Payments within the Medicine Services and Procedures group were also concentrated among a small number of billing codes.
In Cross Lanes, Medicaid payments linked to Medicine Services and Procedures rose 16.1% between 2024 and 2023, compared to a 22.6% overall increase for all Medicaid claim categories in the area during that time.
According to the Centers for Medicare & Medicaid Services, total federal and state Medicaid expenditures reached about $871.7 billion in fiscal 2023, representing approximately 18% of overall U.S. health spending—up from $613.5 billion in 2019, before the COVID-19 pandemic.
This represents an increase of about 40% in just a few years, largely due to higher enrollment and greater health service use during and after the pandemic.
Recently enacted federal budget legislation under the Trump administration introduced major proposals to cut federal Medicaid funding and change the program’s structure. The “One Big Beautiful Bill Act,” enacted in 2025, is projected to reduce federal Medicaid funding by more than $1 trillion over the next 10 years, while implementing work requirements and increased cost-sharing. These policies could restrict coverage and reduce funding for certain beneficiaries, shifting more financial responsibility to states and limiting further growth of federal Medicaid support even as the program continues to provide for tens of millions of Americans.

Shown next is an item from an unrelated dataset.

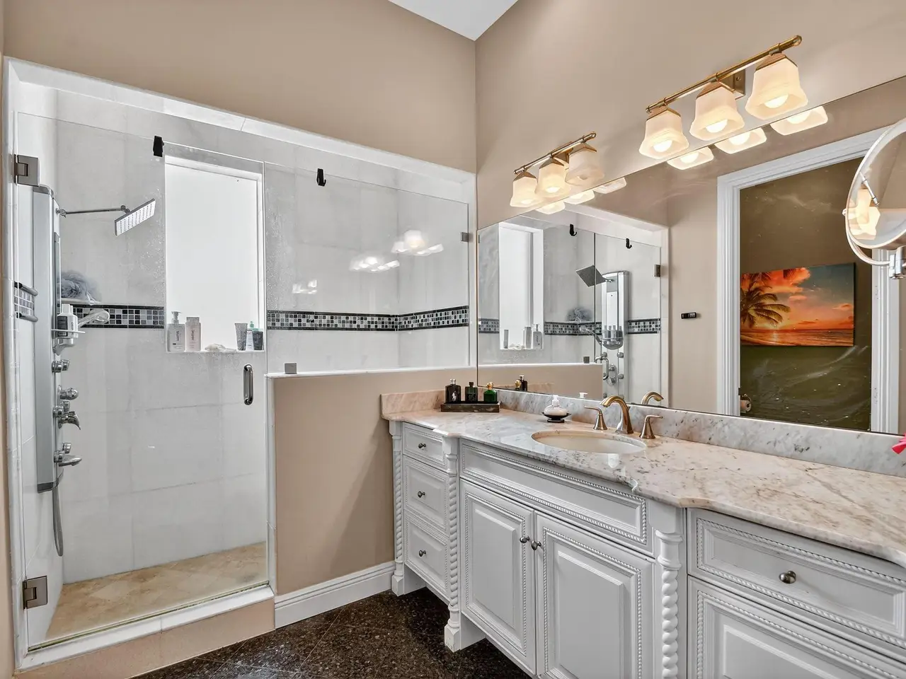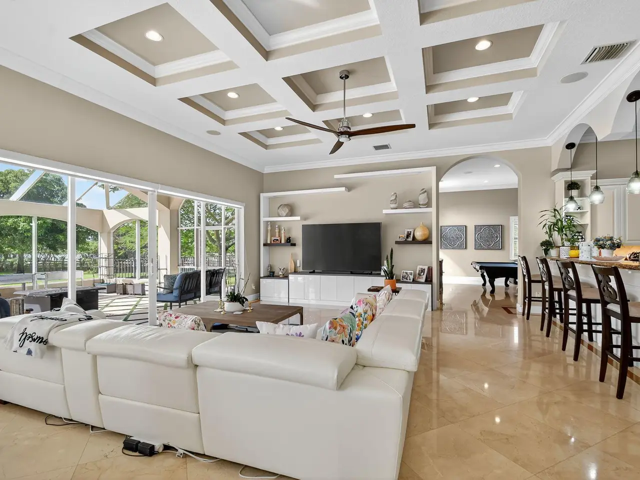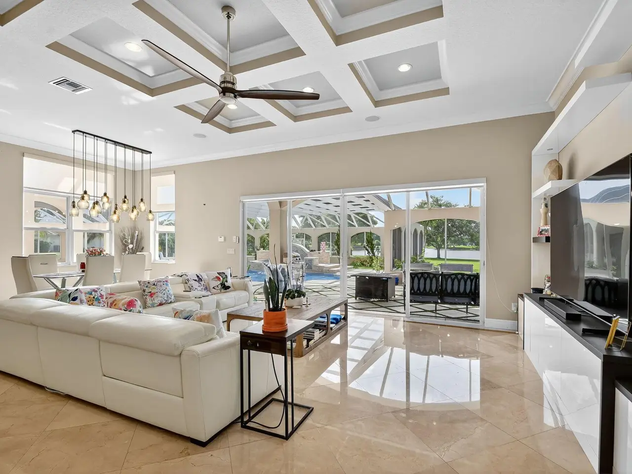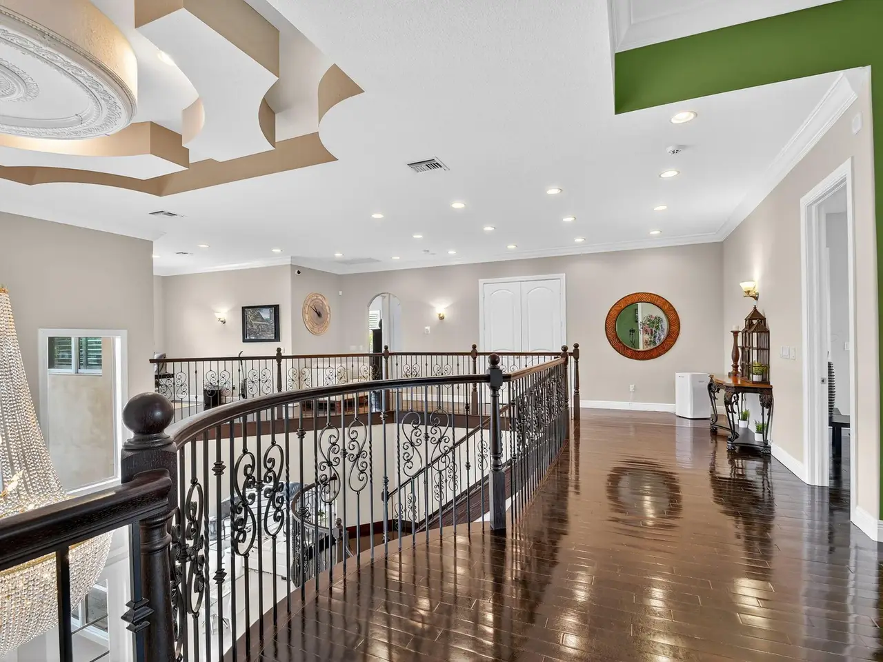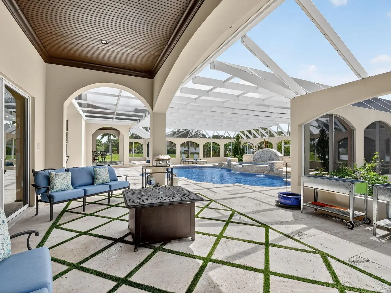Casual elegance & exquisite craftsmanship define this magnificent custom-built home featuring 6 bedrooms, 7.5 bathrooms & 4 car garage. Situated on over 2 acres, the estate welcomes you with a wide circular driveway & fountain centerpiece. In the grand foyer, gleaming marble floors, a dazzling crystal chandelier & soaring ceilings create an unforgettable first impression. A breathtaking winding staircase sets the tone for the sophisticated design found throughout. The chef's island kitchen is a culinary dream, with 2 wall ovens, a Sub-Zero refrigerator & gas stove- perfect for entertaining or everyday luxury. Nearly every main room showcases a unique ceiling design, adding character & charm at every turn! Outside is your resort-style oasis. The pool/spa area is framed by elegant walled arches, creating a serene Mediterranean retreat. Multiple balconies & patios offer the perfect setting for al fresco dining, relaxation or entertaining. Wander down to the peaceful lakeside patio and soak in the views. Equestrians, your horses are welcome! Despite the serene seclusion, this exceptional home is conveniently located near restaurants, shops, cultural venues, & the Palm Beach International Airport. This one-of-a-kind estate is where timeless design meets modern luxury. Come experience it for yourself!
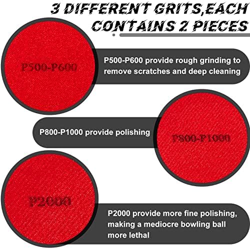 Various usage: bowling ball sanding kit of 2000, 3000, 5000 grits have diverse usage, P2000 provides fine grinding to remove scratches and deep cleaning, and P3000 and P5000D provide deep polishing, multiple functions for to choose whichever need

| Year | Total Medicaid Payments | % Change From Previous Year |
|---|---|---|
| 2020 | $49,040 | 48.3% |
| 2021 | $67,945 | 38.6% |
| 2022 | $128,115 | 88.6% |
| 2023 | $109,730 | -14.4% |
| 2024 | $127,387 | 16.1% |
| Rank | Category | Medicaid Payments | Share of City Total |
|---|---|---|---|
| 1 | National Codes Established for State Medicaid Agencies | $2,730,393 | 55.1% |
| 2 | Alcohol and Drug Abuse Treatment | $1,430,825 | 28.9% |
| 3 | Procedures / Professional Services | $493,948 | 1<0.1% |
| 4 | Medicine Services and Procedures | $127,387 | 2.6% |
| 5 | Evaluation and Management | $79,701 | 1.6% |
| 6 | Temporary National Codes (Non-Medicare) | $57,129 | 1.2% |
| 7 | Dental Services | $27,571 | 0.6% |
| 8 | Ambulance and Other Transport Services and Supplies | $4,141 | 0.1% |
| 9 | Pathology and Laboratory Procedures | $0 | <0.1% |
| HCPCS Code | Description | Medicaid Payments | Claims |
|---|---|---|---|
| 97110 | Therapeutic exercises | $45,086 | 12 |
| 97112 | Neuromuscular reeducation | $39,459 | 20 |
| 97530 | Therapeutic activities | $37,697 | 9 |
| 97140 | Manual therapy 1/> regions | $2,223 | 3 |
| 97014 | Electric stimulation therapy | $2,136 | 5 |
| 97032 | Appl modality 1+estim ea 15 | $783 | 2 |
| 90471 | Immunization admin | $0 | 12 |
| 90472 | Immunization admin each add | $0 | 11 |
| 90648 | Hib prp-t vaccine 4 dose im | $0 | 1 |
| 90651 | 9vhpv vaccine 2/3 dose im | $0 | 3 |
| 90658 | Iiv3 vaccine splt 0.5 ml im | $0 | 1 |
| 90677 | Pcv20 vaccine im | $0 | 1 |
| 90723 | Dtap-hep b-ipv vaccine im | $0 | 1 |
| 90734 | Menacwyd/menacwycrm vacc im | $0 | 2 |
| 96127 | Brief emotional/behav assmt | $0 | 8 |
Note: HCPCS codes are shown for context within the category. Category totals and rankings in this article are based on standardized service groupings rather than individual billing codes.
Information in this article was obtained from the U.S. Department of Health and Human Services Medicaid Provider Spending database. The source data can be found here.